55mmHg -> corresponds to 88% on SaO2. Below this level, there is a rapid decrease in SaO2 with decreasing PaO2 (highly sloped portion of the curve)

Question 11

What PaO2 marks the beginning of the plateau phase of the curve?

Answer 11

60 mmHg -> 90% SaO2. Increases in PaO2 will only result in small increases in SaO2.

Question 12

What is the P50 on the oxyhemoglobin dissociation curve?

Answer 12

27 mmHg -> 50% saturation of SaO2

Question 13

What does a rightward shift on the oxyhemoglobin dissociation curve indicate, and what changes in temperature, 2,3-BPG, PaCO2, and pH cause this?

Answer 13

Affinity of hemoglobin for O2 is decreased

Temperature -> increased
2,3-BPG -> increased
PaCO2 -> increased
pH -> decreased

All conditions which happen at high elevation / in muscles

Question 14

What do alternative hemoglobins generally do to the oxyhemoglobin curve, and what is the exception?

Answer 14

Shift it to the left (i.e. fetal hemoglobin, carboxyhemoglobin, methemoglobin)
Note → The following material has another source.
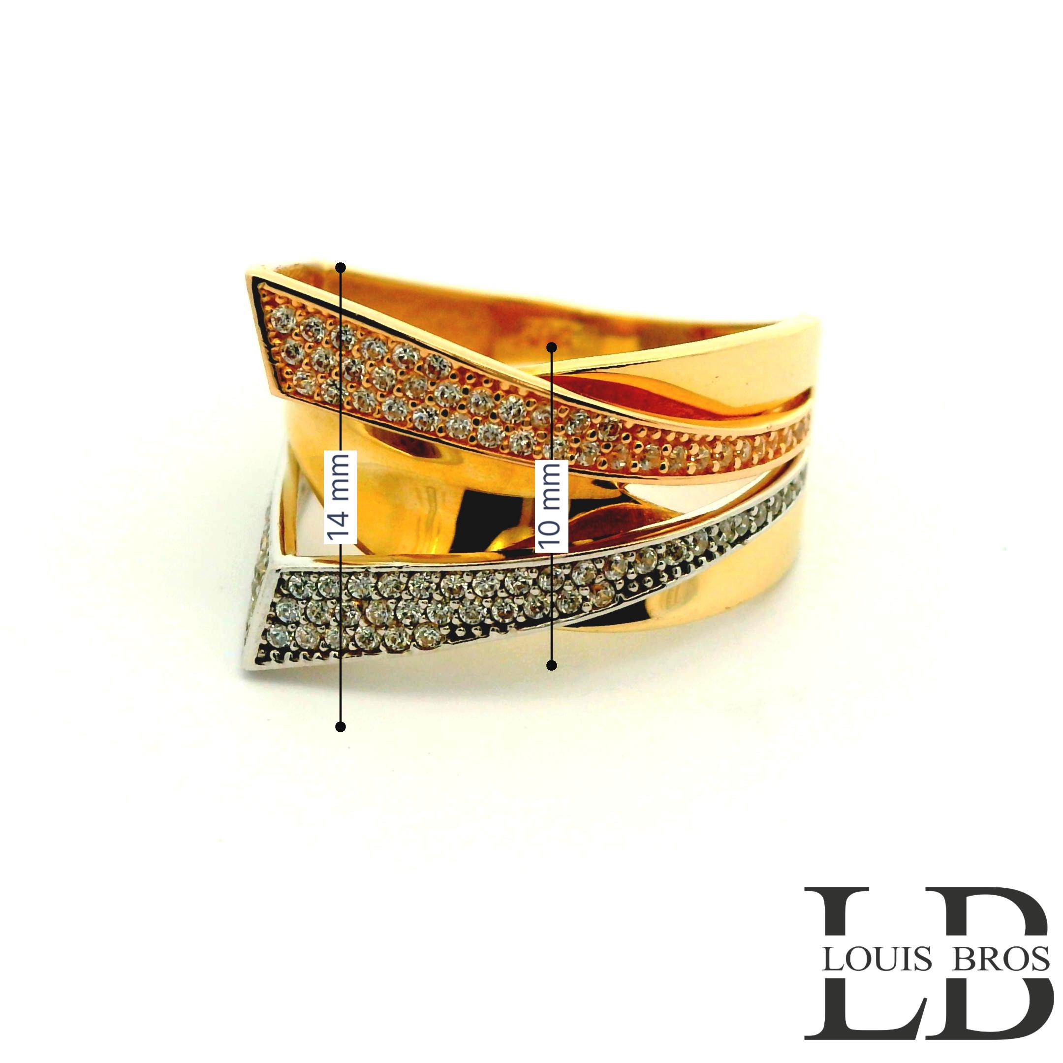 Deze schitterende ring is vervaardigd uit 14 karaat tricolor goud (4.68 gr), waarbij geel-, wit- en rosegoud op elegante wijze samenkomen. Het speelse kleurenspel geeft de ring een unieke en luxe uitstraling. De ring is verder verrijkt met fonkelende zirkonia’s, die zorgen voor een sprankelende schittering bij iedere beweging.

Exception: sickle cell disease

Question 15

What does a leftward shift on the oxyhemoglobin dissociation curve indicate, and what changes in temperature, 2,3-BPG, PaCO2, and pH cause this?

Answer 15

Affinity of hemoglobin for O2 is increased

Temperature -> decreased
2,3-BPG -> decreased
PaCO2 -> decreased
pH -> increased

All conditions which happen at low elevation / in lungs

Question 16

What is normal body pH and the Henderson-Hasselbalch equation which describes it?

Answer 16

7.4

pH = pKa + log ([HCO3-] / (0.03*PaCO2))

Question 17

What are the three ways which CO2 is transported in blood?

Answer 17

1. Dissolved CO2 (PaCO2)
2. Bicarbonate anion
3. Carbamino compounds (most important in venous blood, when O2 is exchanged for CO2)

Question 18

What is the chloride shift / what causes it?

Answer 18

CO2 enters RBC. HCO3- starts to accumulate due to carbonic anhydrase. Membrane is impermeable to H+, and so it is buffered by hemoglobin to HHb. As HCO3- begins to build in the cell, HCO3- is antiported with Cl-, dropping Cl- in venous blood (chloride shift)

Question 19

What is the Haldane effect?

Answer 19

Low oxygen conditions allow RBCs / hemoglobin to carry more H+ / CO2

Question 20

What are respiratory acidosis and alkalosis, and their compensation?

Answer 20

Acidosis - primary rise in PaCO2, compensated by reabsorption HCO3- (really by increasing H+ excretion in kidney)

Alkalosis - primary drop in PaCO2, compensated by excretion of HCO3- (really by refusing to lose H+ in kidney)

This compensation is delayed since it takes a while for kidneys to do this

Question 21

What are metabolic acidosis and alkalosis, and their compensation?

Answer 21

Acidosis - primary drop in HCO3- due to loss of HCO3-
or addition of acid, compensated by increased respiration to lose CO2 (extra made from acid combining with HCO3-)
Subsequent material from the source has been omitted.